● **Recorded data**
────────────────────

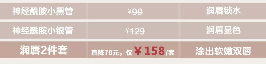润唇2件套(日常款+变色款 )推荐指数:????日常价?228/套组合直降70元,仅?158/套!
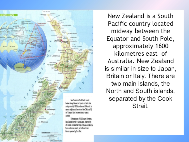 Слайд 3New Zealand is a South Pacific country located midway between the
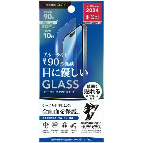 iPhone 16/15/15 Pro用 液晶保護ガラス 2倍強化/ゴリラガラス ブルーライトカット/高透明

────────────────────

● **How to complete this task**
The range to set down runs from the line containing "Слайд 3New Zealand" through the final line of the data, both ends included; give it exactly and drop the pictures.

● **Output of the task**
 Слайд 3New Zealand is a South Pacific country located midway between the
 iPhone 16/15/15 Pro用 液晶保護ガラス 2倍強化/ゴリラガラス ブルーライトカット/高透明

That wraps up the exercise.